* What the task requires
The answer must be only the lines below from the one holding "This style is" down to the one holding "My rugged square", ends included, printed exactly; please omit all pictures.

:: Given entries

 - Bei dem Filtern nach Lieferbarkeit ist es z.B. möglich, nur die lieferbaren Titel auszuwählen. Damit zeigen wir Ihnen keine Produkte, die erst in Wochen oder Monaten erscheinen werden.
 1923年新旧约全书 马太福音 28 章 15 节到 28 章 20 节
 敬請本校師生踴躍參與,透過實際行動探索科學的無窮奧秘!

::::
:: Given entries

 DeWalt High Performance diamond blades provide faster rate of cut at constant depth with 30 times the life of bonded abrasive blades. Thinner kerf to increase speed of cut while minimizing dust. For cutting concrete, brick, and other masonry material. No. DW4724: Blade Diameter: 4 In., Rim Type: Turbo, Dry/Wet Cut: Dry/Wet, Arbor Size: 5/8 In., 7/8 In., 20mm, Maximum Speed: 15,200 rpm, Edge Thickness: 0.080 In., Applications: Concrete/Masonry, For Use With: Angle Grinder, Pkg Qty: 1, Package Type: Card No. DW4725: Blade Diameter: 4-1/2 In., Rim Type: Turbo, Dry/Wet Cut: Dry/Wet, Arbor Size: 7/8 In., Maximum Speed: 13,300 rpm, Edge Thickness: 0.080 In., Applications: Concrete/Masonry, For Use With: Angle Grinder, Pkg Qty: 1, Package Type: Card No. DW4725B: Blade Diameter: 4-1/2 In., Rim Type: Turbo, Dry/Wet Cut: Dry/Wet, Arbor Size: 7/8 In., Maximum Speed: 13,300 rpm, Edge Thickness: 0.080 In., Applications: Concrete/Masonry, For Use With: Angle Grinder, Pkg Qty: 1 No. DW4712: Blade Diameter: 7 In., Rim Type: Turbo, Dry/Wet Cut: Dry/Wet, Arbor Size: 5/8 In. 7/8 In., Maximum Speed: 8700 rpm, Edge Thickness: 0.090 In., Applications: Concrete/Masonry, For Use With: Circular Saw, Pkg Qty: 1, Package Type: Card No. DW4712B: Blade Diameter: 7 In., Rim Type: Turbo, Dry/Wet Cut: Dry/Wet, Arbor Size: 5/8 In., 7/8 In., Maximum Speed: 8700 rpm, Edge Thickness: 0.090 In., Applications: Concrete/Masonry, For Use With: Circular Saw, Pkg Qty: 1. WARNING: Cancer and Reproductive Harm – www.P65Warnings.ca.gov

::::
:: Given entries

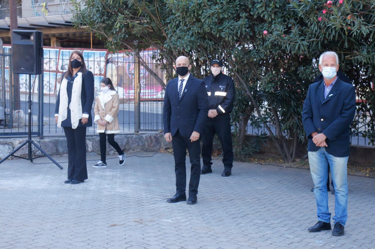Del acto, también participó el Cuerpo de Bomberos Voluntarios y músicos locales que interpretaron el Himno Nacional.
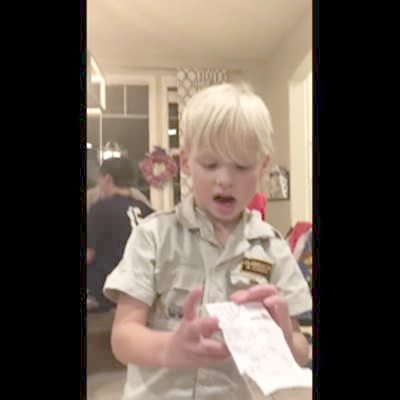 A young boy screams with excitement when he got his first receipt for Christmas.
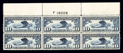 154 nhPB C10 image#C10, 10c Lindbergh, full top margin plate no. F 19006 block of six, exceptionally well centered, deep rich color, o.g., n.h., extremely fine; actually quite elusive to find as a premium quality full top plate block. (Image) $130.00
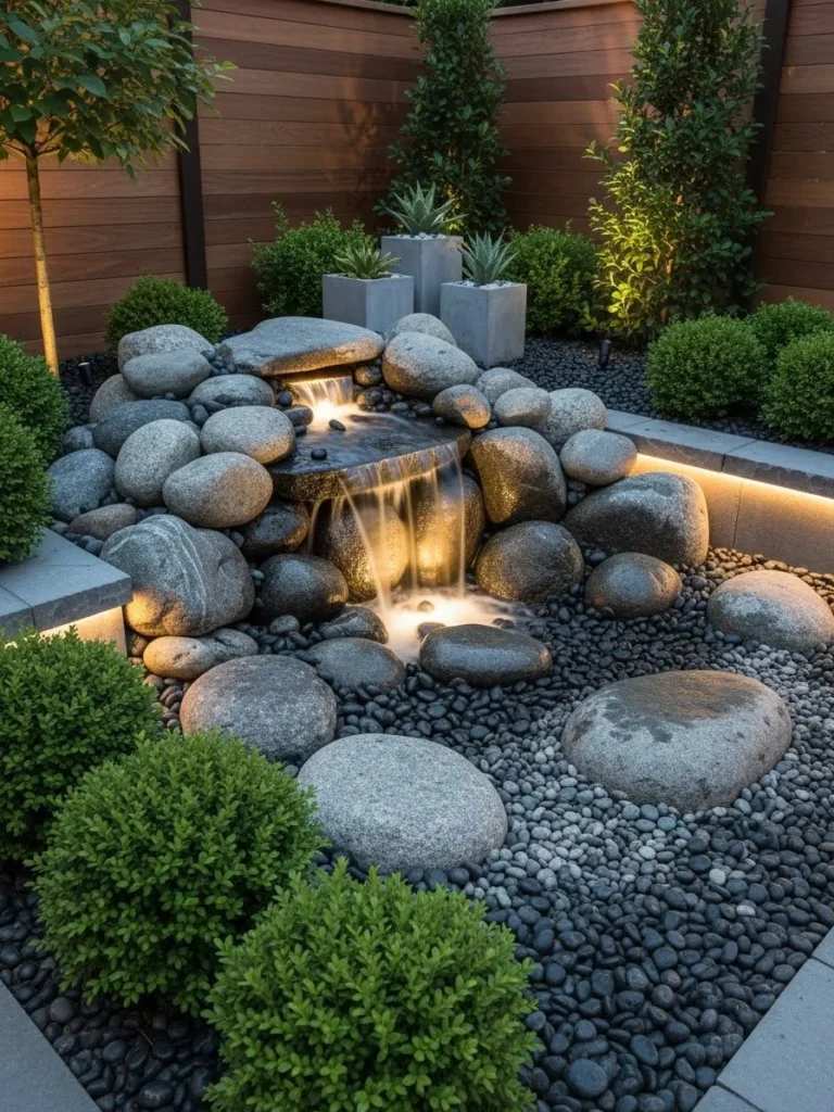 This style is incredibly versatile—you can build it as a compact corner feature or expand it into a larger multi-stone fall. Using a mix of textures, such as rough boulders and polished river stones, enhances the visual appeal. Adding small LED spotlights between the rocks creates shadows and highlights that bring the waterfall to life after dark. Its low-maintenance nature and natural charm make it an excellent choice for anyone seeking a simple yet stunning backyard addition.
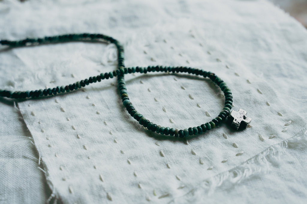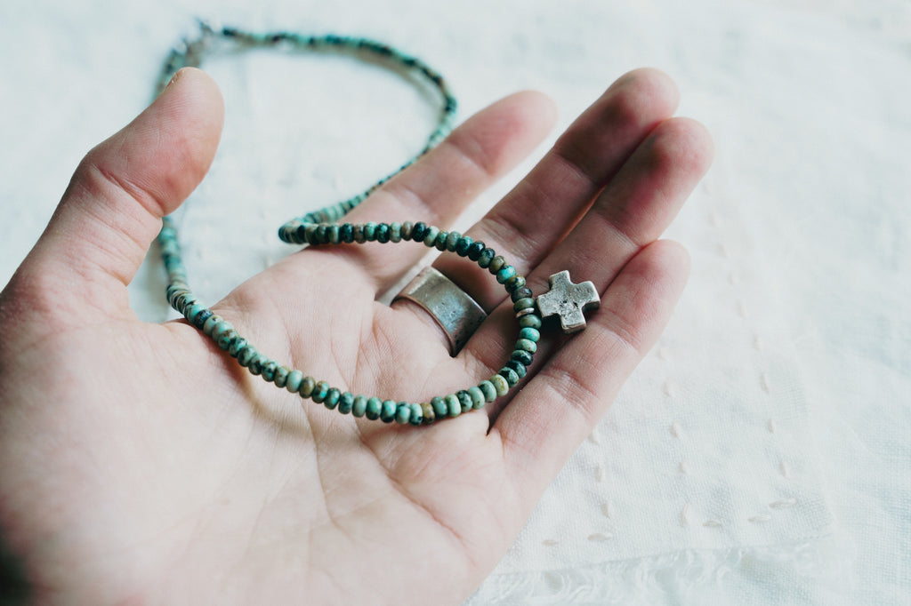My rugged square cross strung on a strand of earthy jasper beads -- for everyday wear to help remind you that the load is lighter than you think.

::::

* Solution to the problem
 This style is incredibly versatile—you can build it as a compact corner feature or expand it into a larger multi-stone fall. Using a mix of textures, such as rough boulders and polished river stones, enhances the visual appeal. Adding small LED spotlights between the rocks creates shadows and highlights that bring the waterfall to life after dark. Its low-maintenance nature and natural charm make it an excellent choice for anyone seeking a simple yet stunning backyard addition.
My rugged square cross strung on a strand of earthy jasper beads -- for everyday wear to help remind you that the load is lighter than you think.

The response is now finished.